Remarks
by Bill Nye
Laramie has a seal brown goat, with iron gray chin whiskers and a breath like new mown hay.
He has not had as hard a winter as the majority of stock on the Rocky mountains, because he is of a domestic turn of mind and tries to make man his friend. Though social in his nature, he never intrudes himself on people after they have intimated with a shotgun that they are weary of him.
When the world seems cold and dark to him, and everybody turns coldly away from him, he does not steal away by himself and die of corroding grief; he just lies down on the sidewalk in the sun and fills the air with the seductive fragrance of which he is the sole proprietor.
One day, just as he had eaten his midday meal of boot heels and cold sliced atmosphere and kerosene barrel staves, he saw a man going along the street with a large looking glass under his arm.

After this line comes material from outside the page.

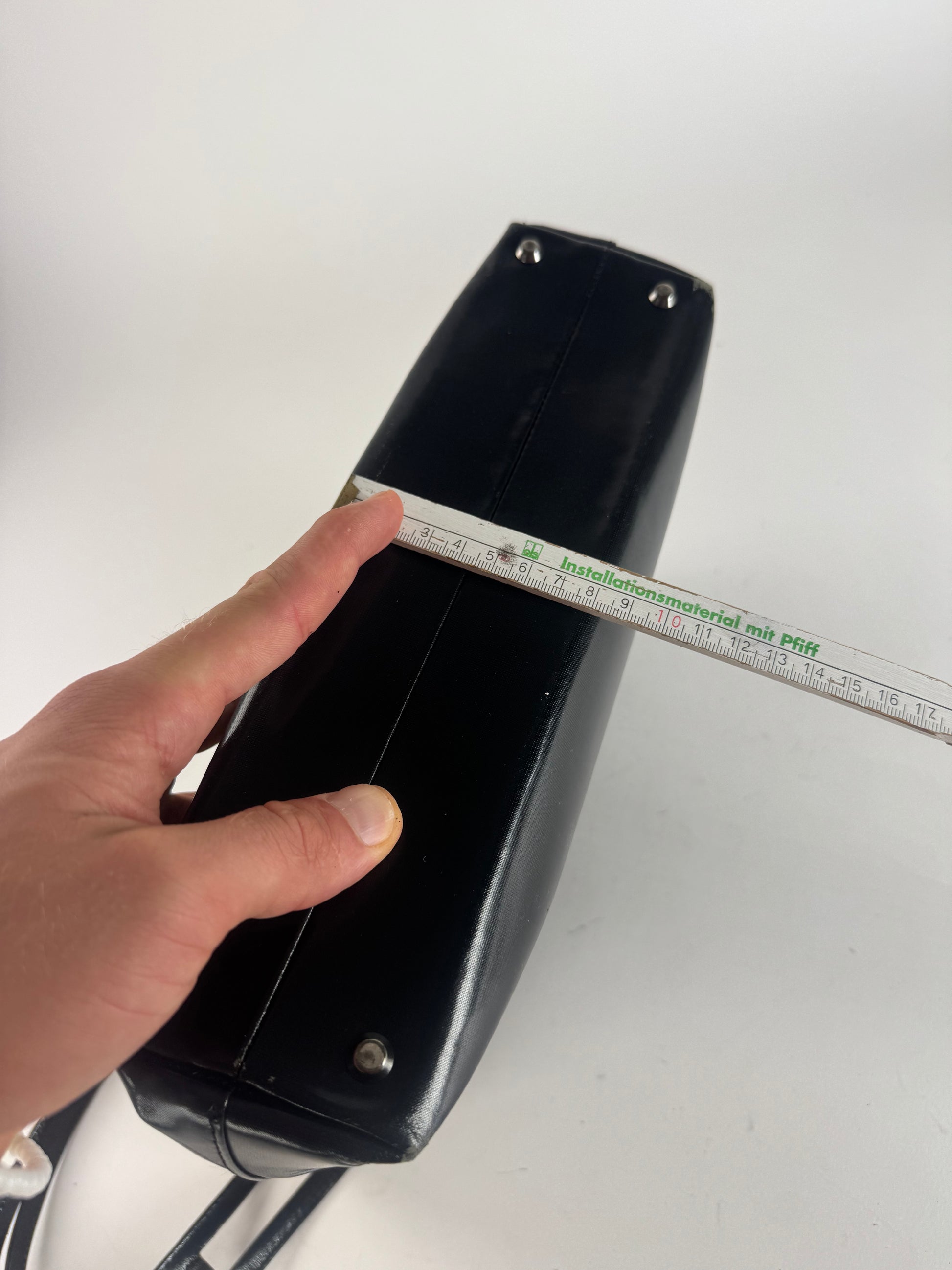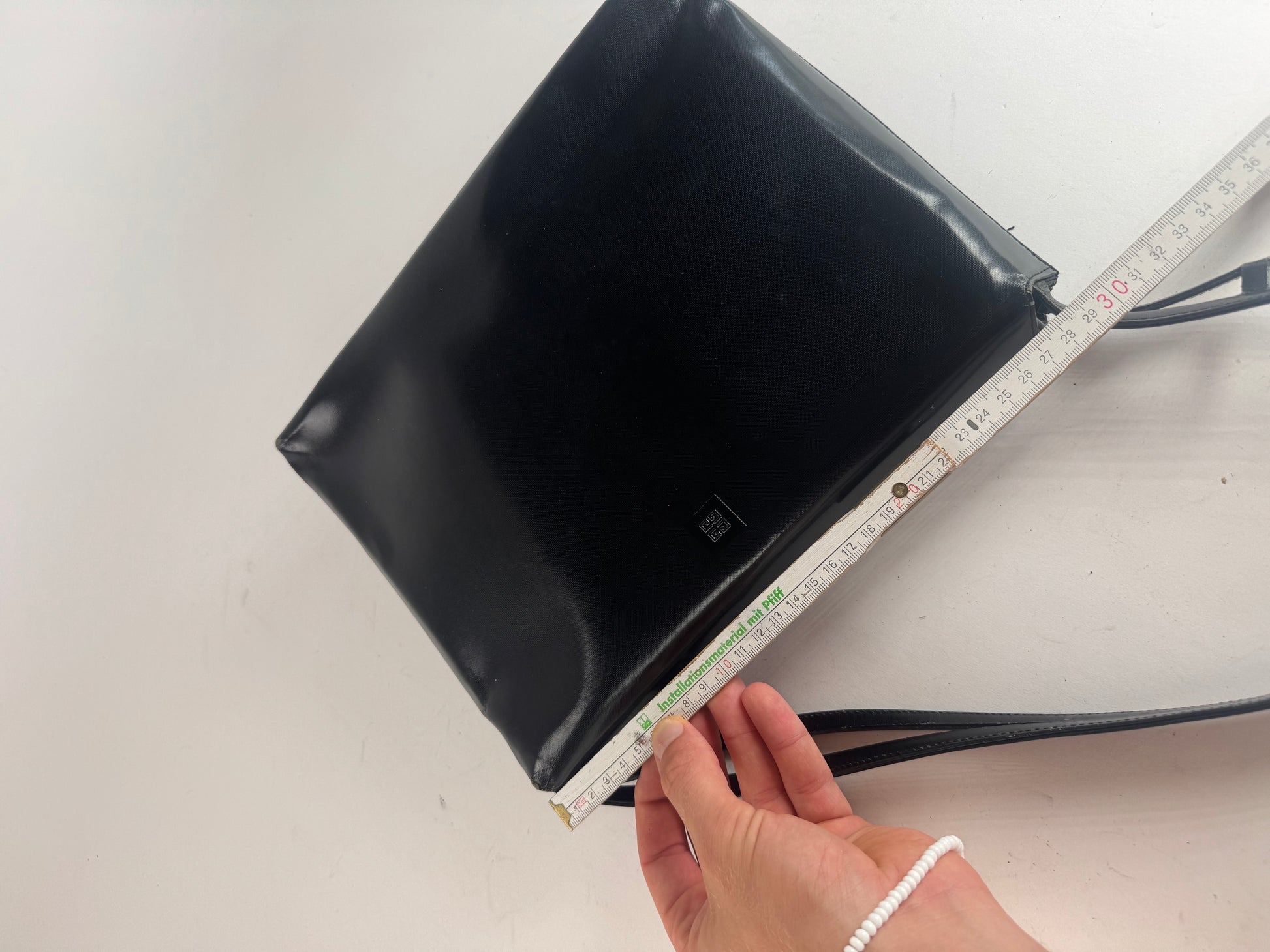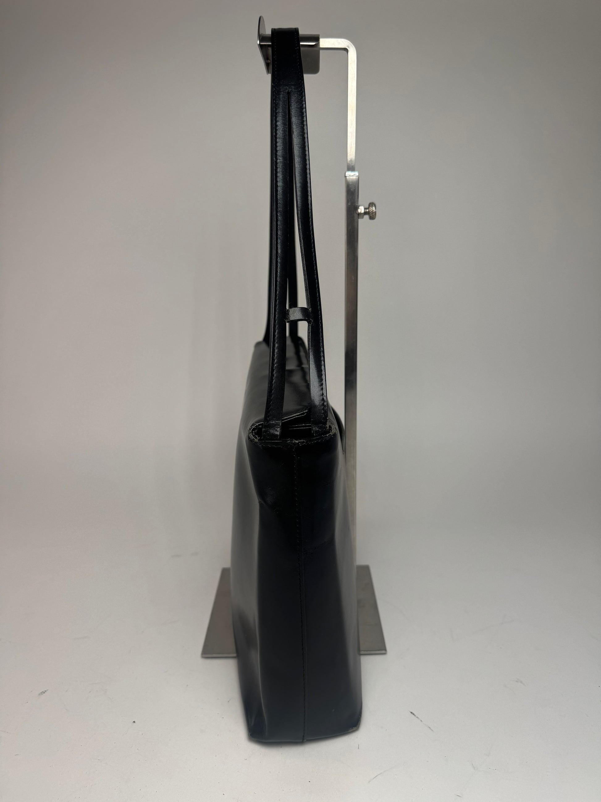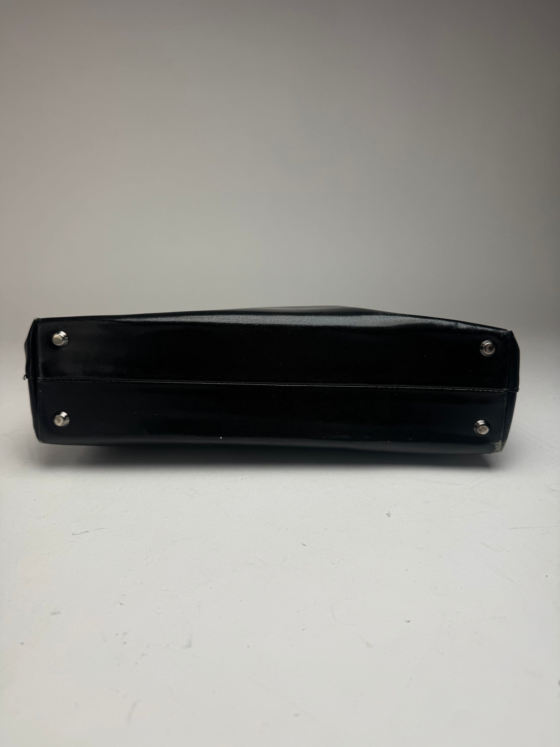 Condition Details: The exterior patent leather is beautiful and shiny in very good condition with only light creases. The handles are strong and well-shaped. The hardware is clean with minimal signs of wear. The interior polyester lining is clean and well-kept.

The goat watched the man, and saw him set the mirror down by a gate and go inside the house after some more things that he was moving. Then the goat stammered with his tail a few times and went up to see if he could eat the mirror.

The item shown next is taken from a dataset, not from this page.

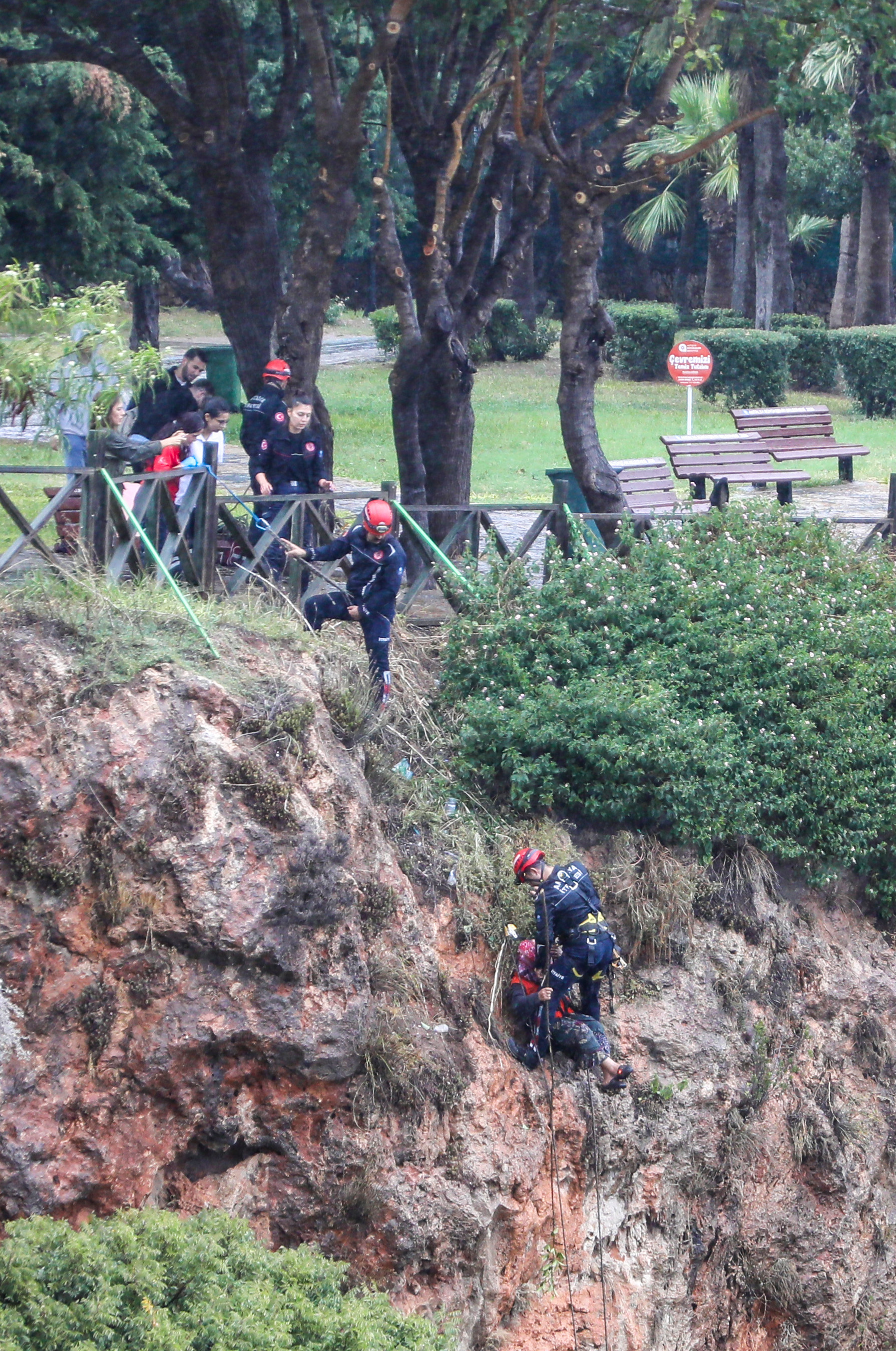 Olay, saat 16.00 sıralarında Muratpaşa ilçesindeki Atatürk Kültür Parkı içerisinde yer alan falezlerde meydana geldi. Öğle saatlerinde alt kısımdan falezlere doğru tırmanan Nubar B., bir süre sonra inmeye çalışsa da başarılı olamadı. Çevredekilere sesini duyurmaya çalışan kadını duyan bir kişi, durumu 112 Acil Çağrı Merkezi'ne bildirdi. İhbar üzerine olay yerine itfaiye ve sağlık ekipleri sevk edildi.

When he got pretty close to it, he saw a hungry-looking goat apparently coming toward him, so he backed off a few yards and went for him. There was a loud crash, and when the man came out he saw a full length portrait of a goat with a heavy, black walnut frame around it, going down the street with a great deal of apparent relish.

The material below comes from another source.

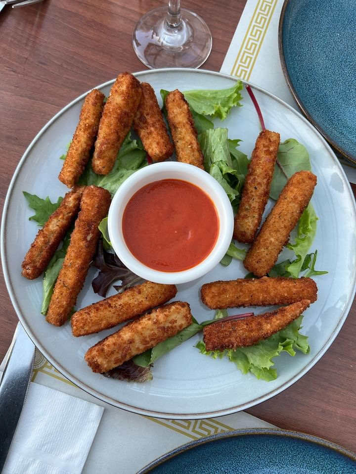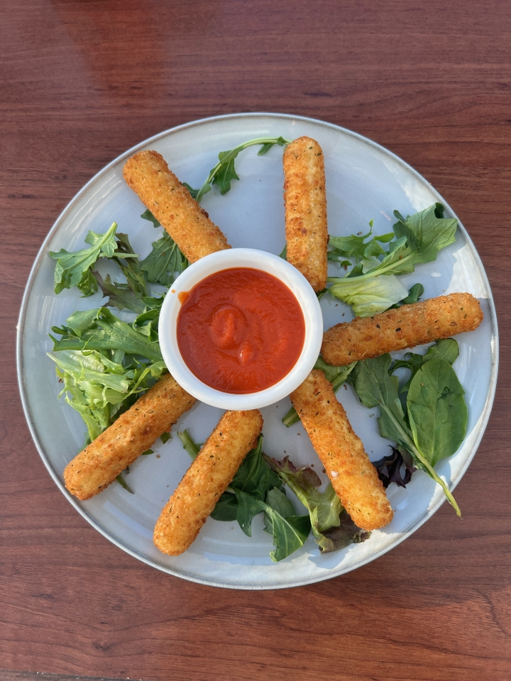 Deep-fried mozzarella sticks served with marinara, ranch, or bleu cheese dressing
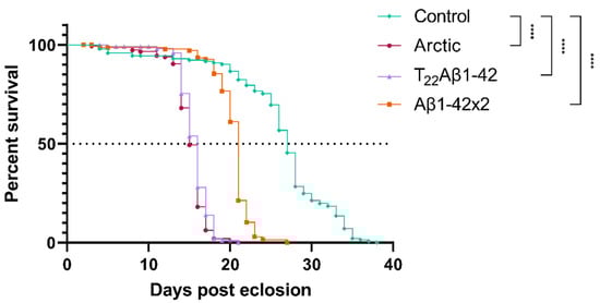 A common method to investigate proteotoxicity in Drosophila is to perform a survival assay where the median survival time (day when 50% of all flies are dead) is compared between flies expressing the proteotoxic protein and control flies [18,23,35]. Therefore, to investigate the proteotoxic effect of expressing Aβ in the enterocytes of the fly’s digestive tract, a lifetime analysis was performed. Data from this experiment showed that all Aβ-expressing flies had a significantly reduced longevity compared to the control flies (Figure 1); Arctic-, T22Aβ1–42-, and Aβ1–42 × 2 flies received a reduction in median survival time of 12 (p < 0.0001), 11 (p < 0.0001), and 6 (p < 0.0001) days, respectively. The median survival times for Arctic-, T22Aβ1–42-, Aβ1–42 × 2-, and control flies were 15, 16, 21, and 27 days, respectively, revealing that expression of Aβ in the fly gut resulted in toxic effects that reduced the lifetime of the fly. Moreover, a significant difference in the longevity between Aβ1–42 × 2 flies and the other two Aβ-expressing flies was found, where the Arctic- and T22Aβ1–42 flies exhibited higher toxicity, resulting in a reduction of 6 days (Arctic flies) or 5 days (T22Aβ1–42 flies) in median survival time compared to Aβ1–42 × 2 flies. These data are in line with previous research, where a higher toxic effect has been found for the Arctic Aβ1–42 peptide and the tandem construct T22Aβ1–42 compared to wildtype Aβ1–42 peptide [16,18,21,27].

Then the man said something derogatory about the goat, and seemed offended about something.
Goats are not timid in their nature and are easily domesticated.
There are two kinds of goat–the cashmere goat and the plain goat. The former is worked up into cashmere shawls and cashmere bouquet. The latter is not.
The cashmere bouquet of commerce is not made of the common goat. It is a good thing that it is not.
A goat that has always been treated with uniform kindness and never betrayed, may be taught to eat out of the hand. Also out of the flour barrel or the ice-cream freezer.